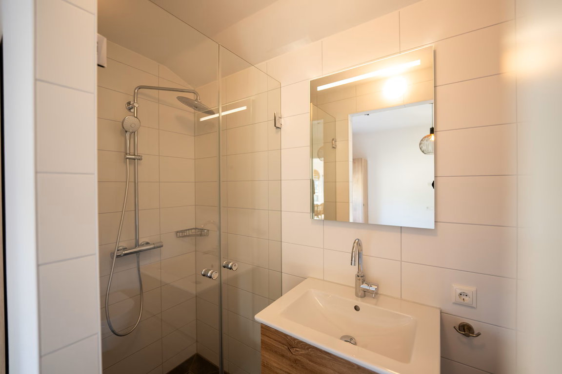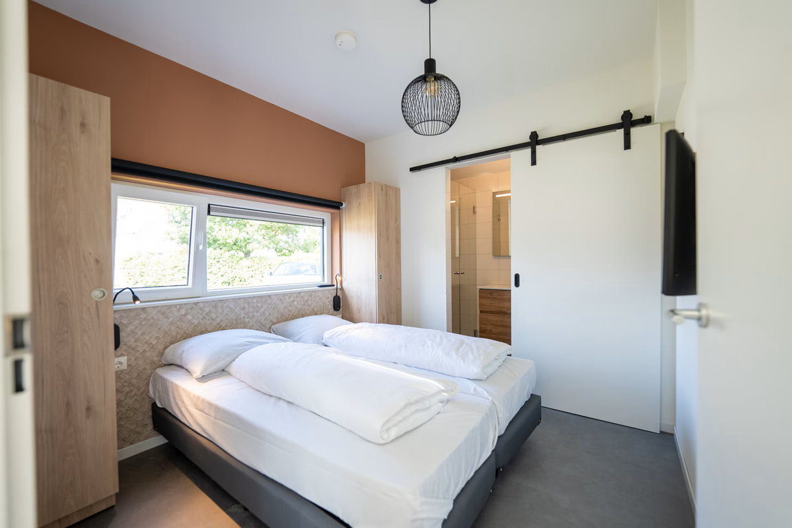 Insgesamt verfügt die Villa über drei Schlafzimmer, die sich alle im Erdgeschoss befinden. Jedes Schlafzimmer ist mit zwei Einzelbetten ausgestattet, sodass ausreichend Platz für einen erholsamen Schlaf geboten wird. Ein Schlafzimmer besitzt ein angrenzendes Badezimmer mit begehbarer Dusche und Toilette. Das zweite Badezimmer ist eine echte Wellnessoase: Neben einer begehbaren Dusche gibt es hier eine Infrarotsauna – perfekt zum Entspannen nach einem ereignisreichen Tag. Eine zusätzliche separate Toilette sorgt für noch mehr Komfort. Im Außenbereich lädt die großzügige Terrasse mit Gartenmöbeln zum Verweilen ein. Zwei Sonnenliegen bieten einen idealen Platz, um die warmen Sonnenstrahlen zu genießen.
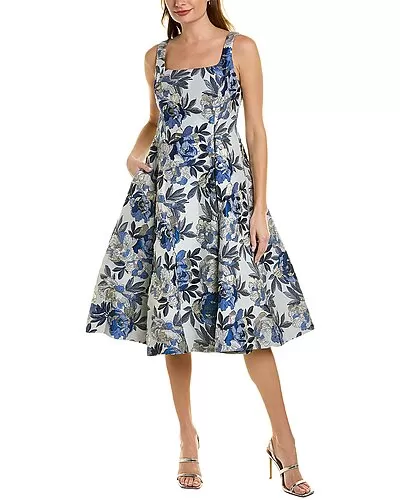 - Design details: square neck, pleated skirt, and side seam pockets
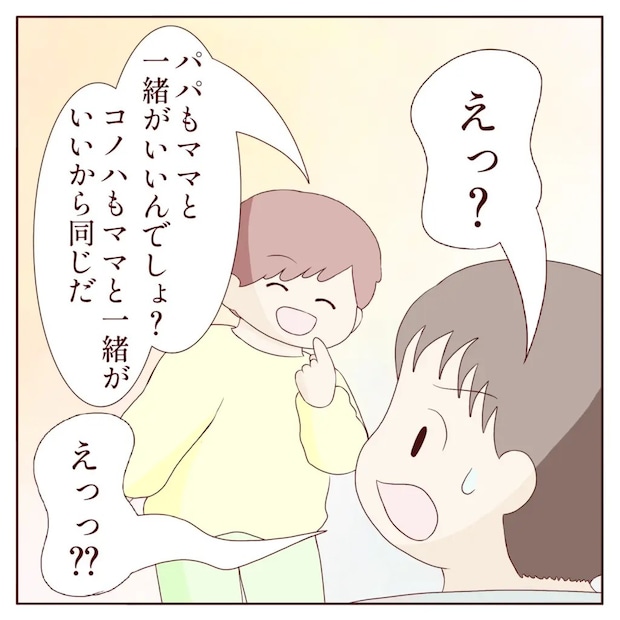 クルミにそう言われて「えっ?」と驚くマサヒコ。すると、「パパもママと一緒がいいんでしょ?コノハもママと一緒がいいから同じだ」とコノハに言われ、「えっっ??」とマサヒコの動揺は止まりません。
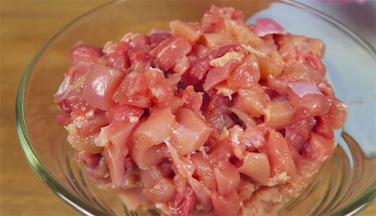 Ингредиенты аналогичны прошлому рецепту: 700 граммов куриного филе, 420 граммов куриного бедра (брать нужно без кожи и без кости), лук, лавровый лист, перец, чеснок, мускатный орех, свекольный сок и желатин.
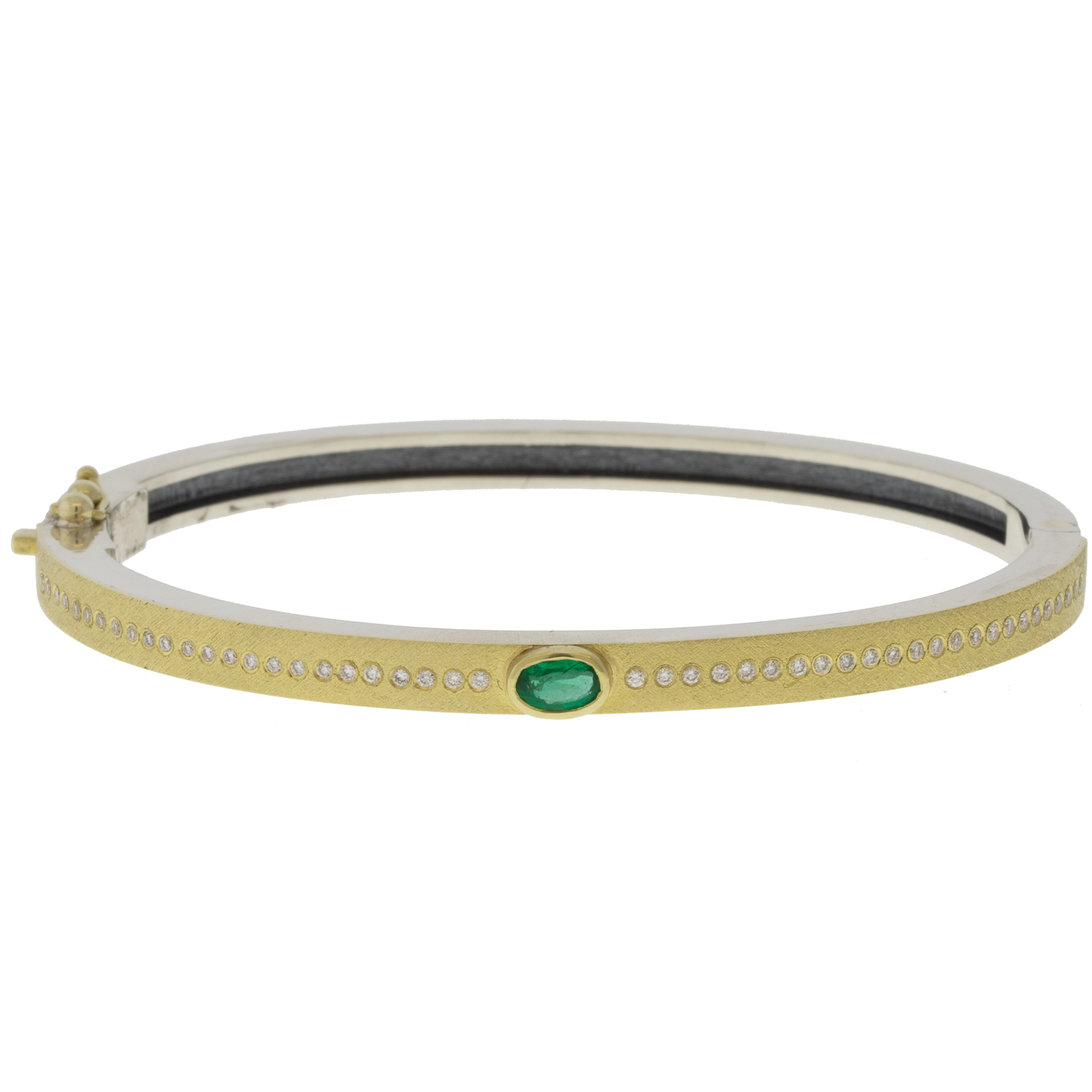 Rene Escobar:JUNIA PLUS 4MM YG hinged bangle featuring an 18k YG push button style clasp and a solid 18k YG top sheet and bezel set with OV cut with 0.48CT of EME quantity
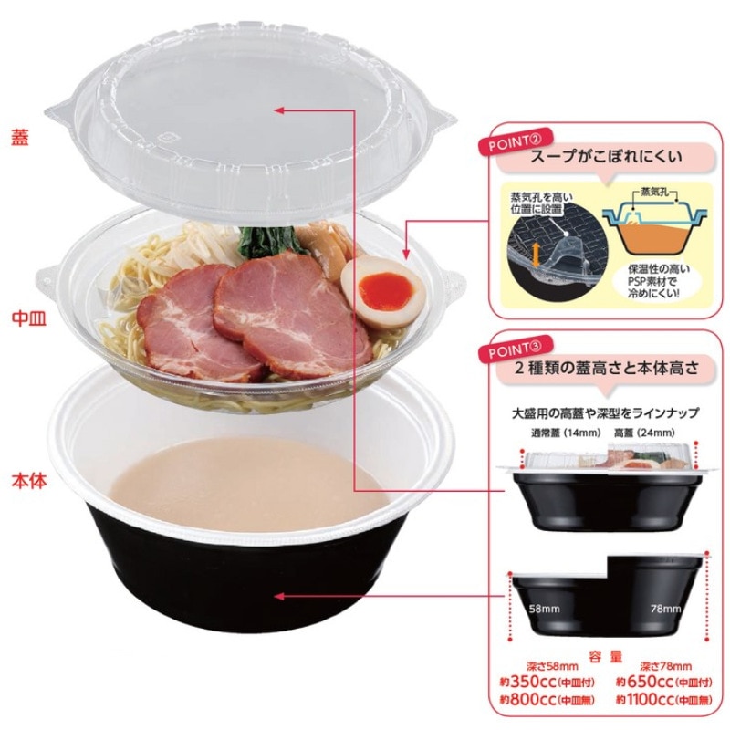 デリバリー用麺容器「DLV麺20」用の中皿の嵌合蓋です。
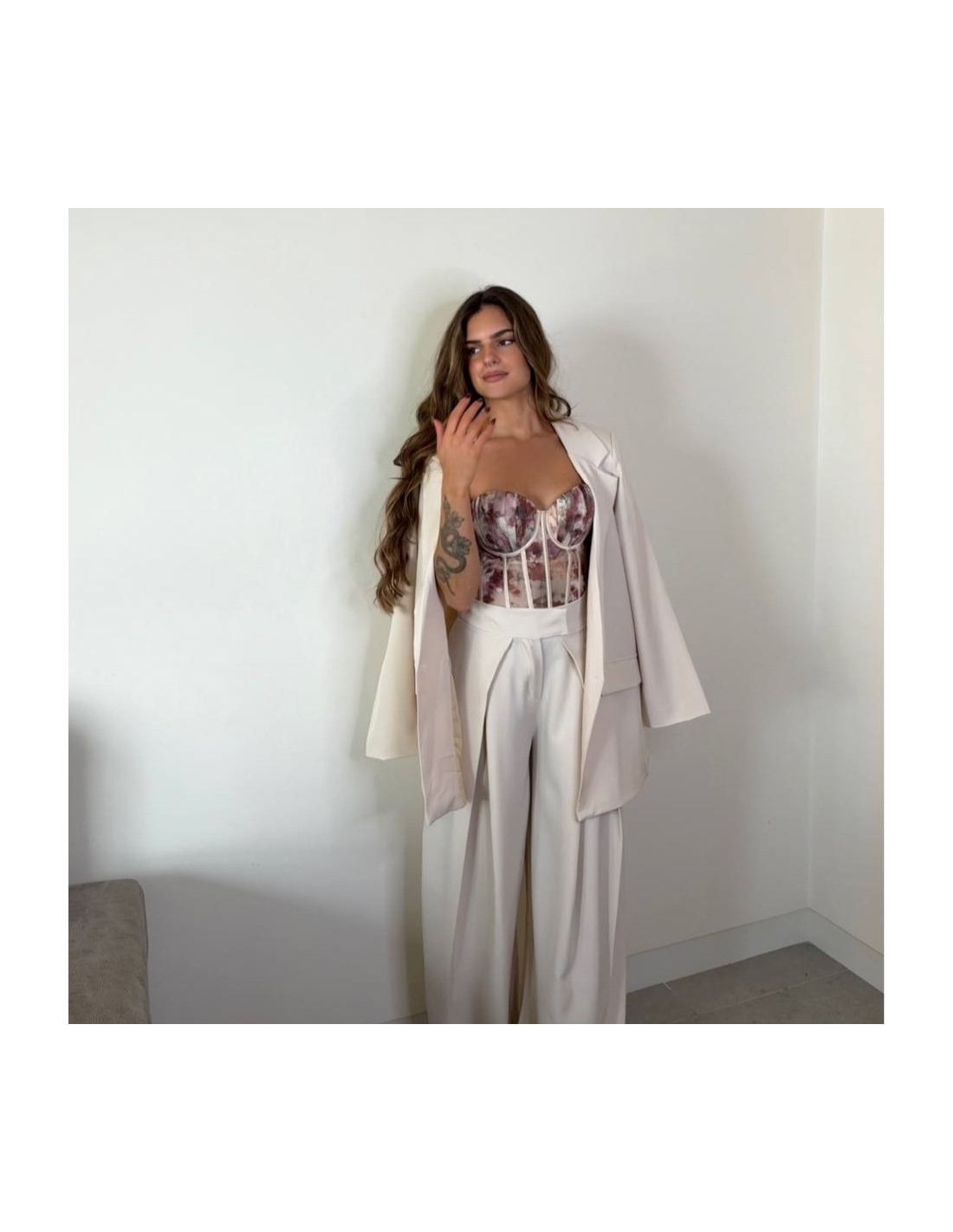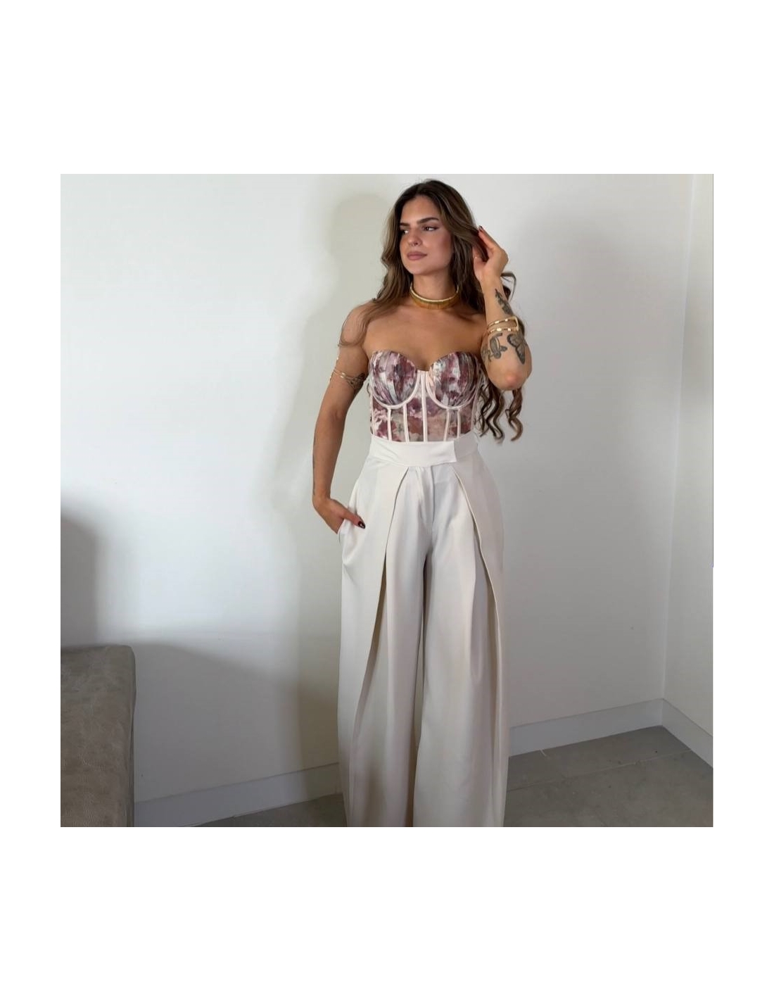 Pantalón fluido de tiro alto. Cierre delantero con botón y cremallera oculta. Cintura elástica. Talla única
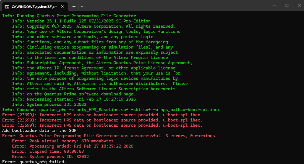 I used the quartus_pfg -c batch processing command to package the sof file and hex file into fsbl.sof. All these files are in the same path. Please refer to the following figure for the batch processing:
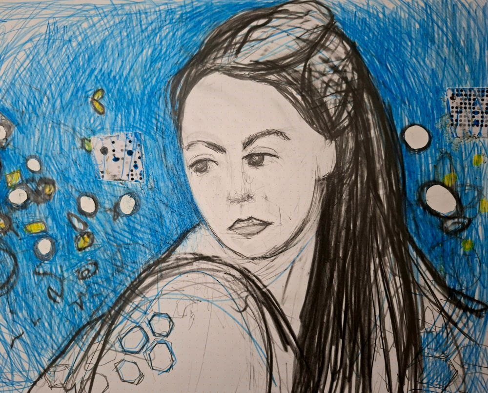 #draweveryday #everyday " #woman looking down at the #floor
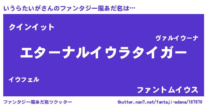 | 意味不明あだ名 | 『いうらたいがフォーエバー』 |
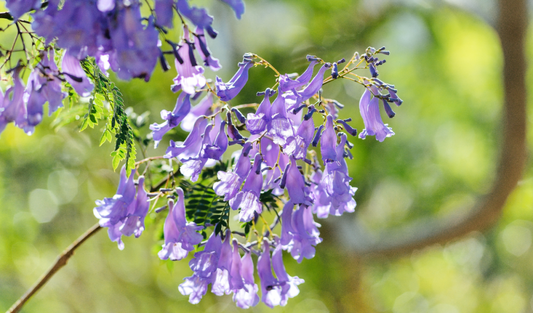 放眼看去,蓝紫色的花朵与翠绿的枝叶交相呼应,给人一种梦幻的视觉感受。花开时,一串串花朵盛开得空幽而烂漫;风起时,花瓣顺势落下,或落在肩头,或落在地面,成为另一种点缀。蓝花楹凭借她那种婆娑雅致、亭亭清清、幻紫幻蓝、秀丽清雅的花朵让人“一见钟情”,这不仅仅是人们对一棵树的依恋,更是留恋那种简单悦目的感觉,那种蓝却不忧郁,反而明朗宁静。
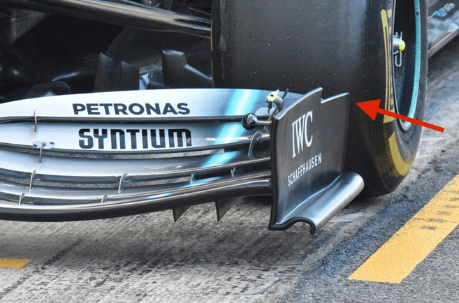 However with the new design, Mercedes have reverted to the outwash concept. The small cut out from the back corner also points to an attempt to create a vortex at an early point so together with the air flow coming off the wing flap it could be taken outside the edges of the car continuing the outwash effect. This also reduces the in wash and by default affects the loss of downforce that came from the in wash effect.
◆ ◆ ◆ ◆
- _Problem statement_:
Reproduce the lines above beginning at the line that contains "クルミにそう言われて「えっ?" and ending at the line that contains "Ингредиенты аналогичны прошлому". No pictures.

- _Written reply_:
 クルミにそう言われて「えっ?」と驚くマサヒコ。すると、「パパもママと一緒がいいんでしょ?コノハもママと一緒がいいから同じだ」とコノハに言われ、「えっっ??」とマサヒコの動揺は止まりません。
 Ингредиенты аналогичны прошлому рецепту: 700 граммов куриного филе, 420 граммов куриного бедра (брать нужно без кожи и без кости), лук, лавровый лист, перец, чеснок, мускатный орех, свекольный сок и желатин.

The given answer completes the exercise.